Где-то высоко над крышами с тяжелым паровозным гудом прошел снаряд. Он был слышен даже здесь, в зале, — оркестр на минуту умолк, образовалась пауза, и в этот провал ворвался густой недобрый гуд. Зал зашевелился, но снова грянула музыка, и зал, подчиняясь ей, опять завороженно застыл.
Дыхание дрожащим белесым маревом поднималось над людьми — марево дрожало, словно студень, слабый свет, истончаемый розовой Аделью, тоже дрожал, все дрожало, и руки, как ощутил Борисов, у него дрожали, и ноги, и лицо, и от того, что Адель так не защищена на сцене, так немощна и одинока, ему сделалось еще холоднее. Борисову показалось, что он сейчас не выдержит, но Борисов выдержал, а вот кто-то из бойцов — суровых фронтовиков, не вынес крапивного слепящего холода и Адель в нем и закричал пронзительно-тонко, по-детски:
— Да оденьте же вы ее во что-нибудь! — всхлипнул и добавил жалобно: — Замерзнет же!

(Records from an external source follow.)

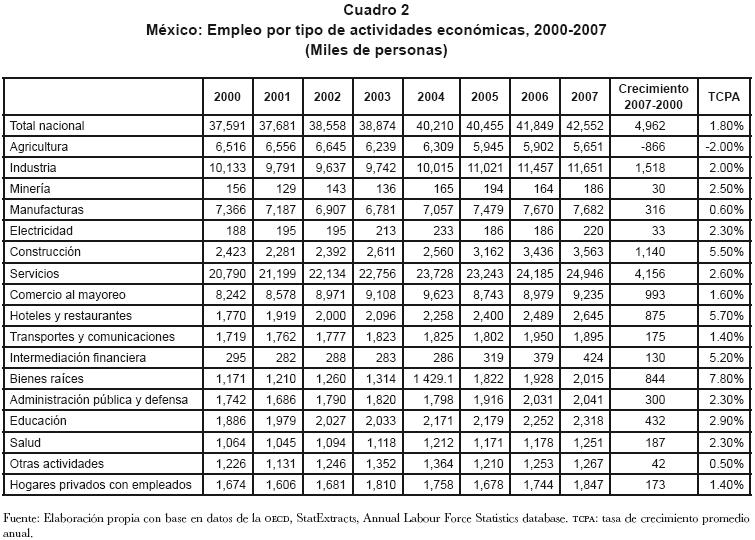 Así, a partir del año 2001 se aprecia que el comportamiento del empleo en la economía mexicana mostró una reducción del ritmo de crecimiento el cual cayó a una tasa del 0.2% pasando de 37.59 millones de personas a 37.68 millones (cuadro 2). En particular, se observan caídas importantes en el sector industria en su conjunto, las manufacturas, la minería y el sector de la construcción. A partir de ese año, la dinámica del empleo total en México muestra un estancamiento relativo, alcanzando una tasa de crecimiento promedio anual de 1.8% entre el 2000 y el 2007. Además, se aprecia una franca declinación del empleo en el sector agrícola de 2% y un crecimiento muy lento del empleo en el sector de las manufacturas.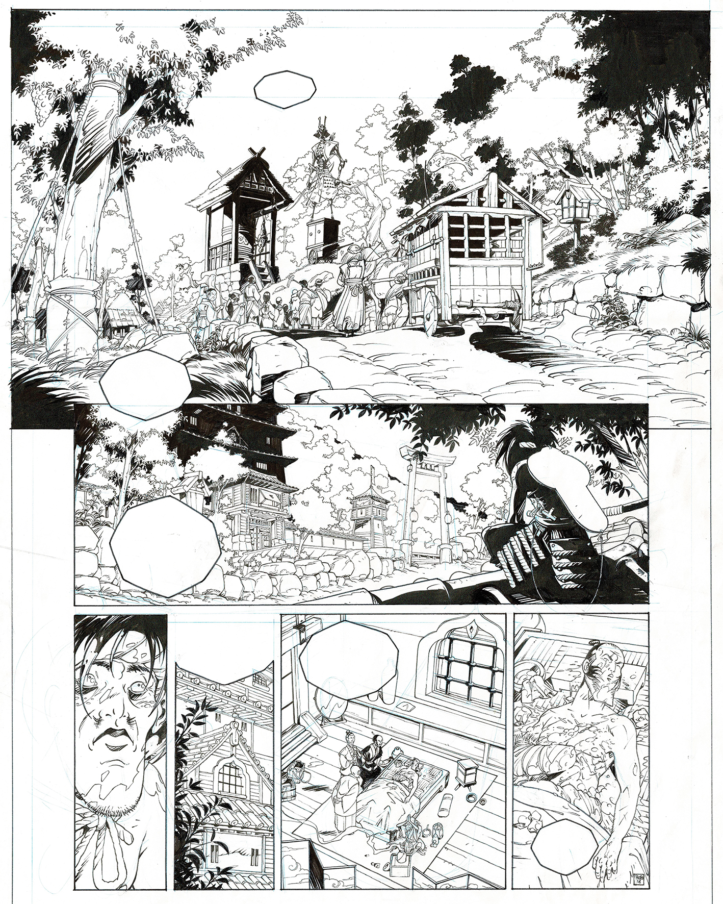 Okko, Le Cycle de l’air II, planche originale à l’encre de chine. Dimensions : 59 cm x 42 cm.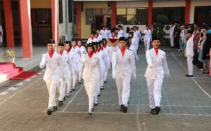 Muhammad Anwar maulana (X MPLB 2), anggota Pasukan Pengibar Bendera Pusaka (Paskibraka) dari jurusan Manajemen Perkantantoran dan Layanan Bisnis selanjutnya membawa bendera Merah Putih untuk kemudian dikibarkan. Adapun Paskibra lainnya yang bertugas mengibarkan bendera yakni Mochamad Raflly Eigar (X MPLB 2) sebagai pembentang bendera, Supriyadi (X Pemasaran 3) sebagai penggerak bendera. Sementara itu, Arbi Bagustian (XI DKV 1) bertindak sebagai Komandan Paskibraka.

Музыка сделалась громче, звуки, ширясь, взвились куда-то к потолку, чтобы обрушиться оттуда, но не обрушились обвально, махом, а вымерзнув до основания, тихо ссыпались на людей. Морячок пробормотал недовольным надтреснутым голосом:
— Во дают!
Спектакль продолжался. Прожитая минута в зале — это не движение, это остановка в движении: остановился человек, удержанный внезапной мыслью, посочувствовал бедной замерзающей актрисе и двинулся дальше. Через два часа все, кто сидит сейчас в зале, будут находиться на фронте. Борисов поискал глазами — нет ли среди присутствующих бескостного дистрофика? Не нашел. Да и мудрено найти — в зале народу битком, и свет не тот, все лица плоские, одно похоже на другое. Он ощутил досаду перед дистрофиком.
Спина у него затекла, крестец сделался свинцовым — чужим совершенно, Борисов зашевелился, кресло под ним заскрипело, сзади кто-то недовольно прогудел: «Да уймись же наконец, штатский!» — и Борисов застыл в скособоченном неудобном положении, ругая себя, и возвратился в старую позицию, лишь когда в зале снова раздался высокий надорванно-слезный крик:
— Да оденьте же вы ее! Холодно! А, люди!
Актеры на сцене задвигались в веселом танце, освобождая место, строй оркестрантов и хористов отступил назад, но в следующую минуту застыл — в черном ряду хористов образовался пробел — упал человек. Борисов, увидев это, захватил ртом побольше воздуха, обжегся, почувствовал, как рядом напряглась Светлана, ойкнула тихонько, а моряк еще больше сгорбился, подвинулся вперед и чуть не лег подбородком на плечо пехотинца, сидящего впереди.
— Что это с ним? — спросил он, ни к кому не обращаясь.
— Умер! — коротко ответил пехотинец и отодвинулся от моряка.
Показалось, что голоса сейчас смешаются, затихнут, спектакль оборвется, в параллельном ряду, отделенном от борисовского проходом, поднялась женщина с седым узлом волос на затылке и железной, окрашенной в защитный цвет шпалой в петлице — военврач, подошла к сцене, но голоса не смешались, строй певцов не дрогнул — он тут же сомкнулся, и провала как не бывало: действие веселой оперетты продолжалось. Из-за кулис выбежали двое рабочих в телогрейках, подхватили упавшего под мышки и поволокли за занавес[2]
.Борисов закрыл глаза. Перед ним всколыхнулся розовый студенистый воздух, в холодце задвигались красные и черные червяки, разбухшие, будто пиявки. В горле скопились слезы, он сглотнул их, помотал головой, не соглашаясь с тем, что видел, ему хотелось спросить у собравшихся, почему спектакль продолжается, — человек умер, а веселый спектакль продолжается, но потом понял, что не задаст этого вопроса, сжался и не открывал глаз уже до самого конца представления.
Словно бы и не был на представлении «Летучей мыши», будто и не являлся свидетелем разных веселых обманов, происшедших на балу у графа Орловского.